Image: courtesy of Thenextweb

techJuly 21, 2026By Veridact EditorialUpdated Jul 21

China's AI Ambition: Building Data Centers Without Nvidia

A Chinese artificial intelligence lab, Z.AI, has completed a large data center powered entirely by Chinese-made chips, a significant step that signals Beijing's efforts to circumvent US export controls are yielding results. This development arrives as China outlines a massive $295 billion, five-year plan to construct a nationwide network of AI data centers, with an explicit goal of using 80% domestic chips. The initiative aims to bolster China's AI industry and reduce its reliance on foreign technology, intensifying the global competition for AI supremacy.

Outlook

The completion of Z.AI's data center, operating without any Nvidia hardware, marks a tangible achievement in China's long-term strategy for technological self-sufficiency. This is not an isolated event but part of a much larger, nationally coordinated effort. The Chinese government, led by senior agencies like the National Development and Reform Commission, is working to integrate fragmented regional computing facilities into a unified national network. This infrastructure is intended to be the backbone of China's AI development, treated as a strategic national resource akin to electricity grids or transportation networks.

Funding for this ambitious $295 billion buildout is expected to draw heavily from sovereign debt, including ultra-long-term special government bonds, supplemented by state funds for strategic industries, bank loans, and private capital. State-owned telecommunications giants, China Mobile and China Telecom, are slated to take primary responsibility for operating these facilities and ensuring their connectivity. This centralized approach aims to replicate the success seen in past campaigns that fostered national champions like Huawei, now with the objective of replacing US technology across the entire AI stack.

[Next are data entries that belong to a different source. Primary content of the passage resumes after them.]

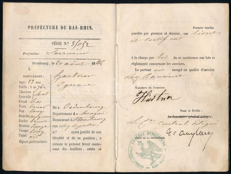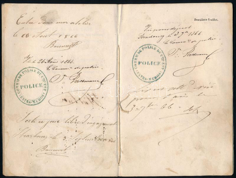 1866 Alsó-Rajnai munkakönyv a Magyarországra vándorolt Hartner Ignác k... https://www.darabanth.com/en/41-Major-auction/41.1/Art-and-other-collectibles/Documents~16819/1866-Also-Rajnai-munkakonyv-a-Magyarorszagra-vandorolt-Hartner-Ignac-kemenysepro-mester-res~II2995913
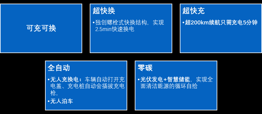 该超级充换电站采用光伏能源发电,打造光、储、充、换一体补给生态和电池循环生态。充电站内配备A480超充桩,拥有目前最快的480kW充电功率,最大电流达600A,充电5分钟可获得200km续航。站内还提供快速换电服务,汽车泊车进入换电区,2.5分钟就能完成电池更换,让汽车迅速恢复续航。
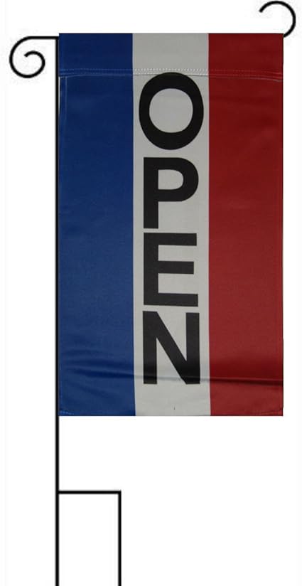 Amazon Com 12 X 18 12 X18 Publicidad Abierta Color Rojo Y Blanco Azul W Jardin Stand De Manga Vertical Bandera Jardin Y Exteriores
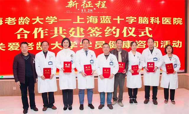 11月28日,上海老龄大学—上海蓝十字脑科医院合作共建签约仪式暨11.28 关爱老龄大学学员咨询活动在上海蓝十字脑科医院顺利举行。上海老龄大学教务主任濮圣奎、上海老龄大学医疗保健协会会长孙海锋、理事及学员近50位及上海蓝十字脑科医院院长项耀钧、书记朱敏,工会主席吴春芳,副院长潘耀良、副院长周克祥等出席了本次签约仪式,10余位主要科室的授课教授、主任医师等参加了本次签约仪式,仪式由郭俊艳副院长主持。

The immediate consequence is a clearer path for domestic chip manufacturers, such as Huawei, and AI companies like Alibaba, which has already launched a data center in China utilizing its own AI chips. This concerted push indicates that while US export controls have created significant hurdles, they have also accelerated China's resolve and investment in indigenous solutions. The next five years will likely see a rapid expansion of these domestic-chip-powered data centers, presenting both opportunities and challenges for Chinese tech firms as they scale their production and innovation capabilities.

Background

The global race for artificial intelligence has increasingly become a contest over computing power, with access to advanced AI chips sitting at its core. For years, Nvidia has dominated this market, supplying the high-performance graphics processing units (GPUs) essential for training complex AI models. However, escalating geopolitical tensions, particularly between the United States and China, have led to stringent US export controls on advanced semiconductor technology. These controls aim to limit China's access to cutting-edge chips and prevent their use in military applications, effectively creating a technological blockade.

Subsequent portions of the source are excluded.